The interesting part is that the client continues to 'think' it's sending so if, for example, you finished a regular smp it won't upload either, even though it's to a different server because the client is 'already sending' from hours earlier.

I had that situation earlier and finally used a -send XX(-send all won't work in this situation) to send the regular smp WU. Just restarting the client doesn't help because it tries to send to .141 and eventually hangs the send process again, never getting to the next WU that is ready to upload.

Initial upload failure to .141:

viewtopic.php?p=194653#p194653

Re: Problems receiving work from 130.237.232.141

Posted: Sun Sep 04, 2011 5:18 pm
by GreyWhiskers
I'm not able to directly monitor my Windows 7 home computer (I'm out of town for a few days), but I did leave with a p6900 processing that completed "on time" at about 6am PST on Saturday - at the time when forum reports showed all the trouble. Looking at the Stanford and EOC stats pages, the completed WU did apparently upload, and gave me the expected credit, at about the time I expected. (when I'm home, I can see the exact time with HFM.net, but I don't have that set up for remote viewing).

I won't know for a couple of days whether it was able to download a new -bigadv work unit or if it is stalled too. But, it did upload a p6900 successfully Sat morning.

Re: 130.237.232.141:8080 Upload Problems

Posted: Sun Sep 04, 2011 5:20 pm
by ei57
The server status page reports "no response". Seems like 130.237.232.237 is in trouble too.

Re: 130.237.232.141:8080 Upload Problems

Posted: Sun Sep 04, 2011 5:22 pm
by DrSpalding
Update: Now the server 130.237.232.141 (folding-4) is refusing connections and my two idle machines moved past it and downloaded new WUs. The -bigadv WUs must be in short supply due to the server being down and they immediately got normal SMP WUs instead.

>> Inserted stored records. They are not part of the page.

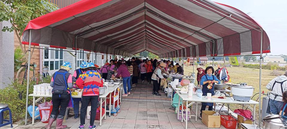 現場新鮮現煮上千份特色飯湯,免費提供鄉親大快朵頤。(圖/記者戴英薇)
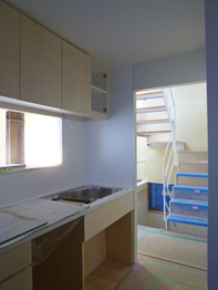 焦げ茶色の家具のある壁面はこれから珪藻土で仕上げます。右側はキッチン。
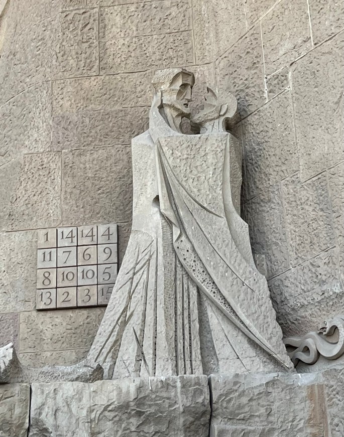 One of the things I read about included the ‘magic square’ seen behind the sculpture below. The rows, the columns or diagonal lines have sums all adding up to 33 – the age of Jesus at his death.
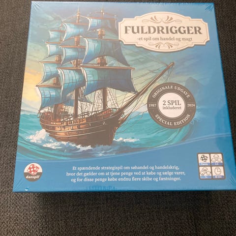 Brætspillet 'Fuldigger' er et strategispil om søhandel og handelskrig. Spillet inkluderer en spilleplade, brikker, pengesedler, kort og instruktioner. Det er designet til 2-4 deltagere, og anbefales til aldersgruppen 7 år og opefter. Emballagen viser et farverigt billede af et skib og et kort over verdenen med forskellige handelsruter.
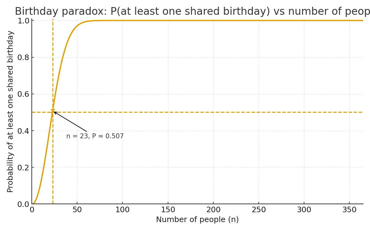 If there are n people in a room, how large does n need to be for at least 50% chance of at least 2 people sharing a birthday?
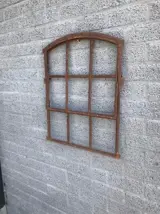 Dit is een mooi stalraam die u kunt inbouwen, maar ook kunt gebruiken als wanddecoratie. Het heeft een rustiek oppervlak en is gemaakt van gietijzer. Dit raam heeft een gedeelte dat open geklapt kan worden voor de doorluchting als u het raam gaat inbouwen.

I hope that the server comes up in time to upload the WUs for bonus credit, but one machine will probably not get any bonus, as the 4-day mark hits about 10:26 PDT today. I.e. now. :(

Re: 130.237.232.141:8080 Upload Problems

Posted: Sun Sep 04, 2011 7:51 pm
by kasson
Yes--the servers appear down. Please see separate thread. I've contacted our people on the ground there, and we'll try to get it up as soon as we can. Expecting no sooner than Monday morning CET, though. It's 10pm Sunday night there right now.

Re: Problems receiving work from 130.237.232.141

Posted: Mon Sep 05, 2011 4:36 pm
by kasson
We found the problem and removed the corrupt files. I'm hoping the server can auto-rewind and generate the correct files; if not, we might be low on work until I can generate the right ones myself. Let us know how things look.

Re: Problems receiving work from 130.237.232.141

Posted: Mon Sep 05, 2011 5:00 pm
by Drugless
Thankyou kind sir!
Retrying now, will post progress update shortly.

Re: Problems receiving work from 130.237.232.141

Posted: Mon Sep 05, 2011 5:16 pm
by Dave_Goodchild
Just managed to upload all the units waiting on server .141

Thanks for all the efforts to get this server back online.

Re: Problems receiving work from 130.237.232.141

Posted: Mon Sep 05, 2011 5:38 pm
by Jesse_V
Dave_Goodchild wrote:Just managed to upload all the units waiting on server .141

Thanks for all the efforts to get this server back online.
Yep thank kasson, the Pande Group, and the server people over in Sweden. viewtopic.php?f=18&t=19522#p194706

Re: Problems receiving work from 130.237.232.141

Posted: Mon Sep 05, 2011 8:31 pm
by HaloJones
Appreciate the effort but still cannot get anything down from this server that isn't corrupt. :( Still on a3 units for now.

Re: Problems receiving work from 130.237.232.141

Posted: Wed Sep 07, 2011 10:29 pm
by Dave_Goodchild
Looks like this server is out of work and with .22 low on work all my less than 12 core machines are running standard SMP is there any update on the situation please?

Re: Problems receiving work from 130.237.232.141

Posted: Thu Sep 08, 2011 12:25 am
by kasson
We took the server off assign because we need to drain the work units before we can correct one of the issues regarding corrupt work units. There may be a shortage of bigadv work units until it comes back on assign.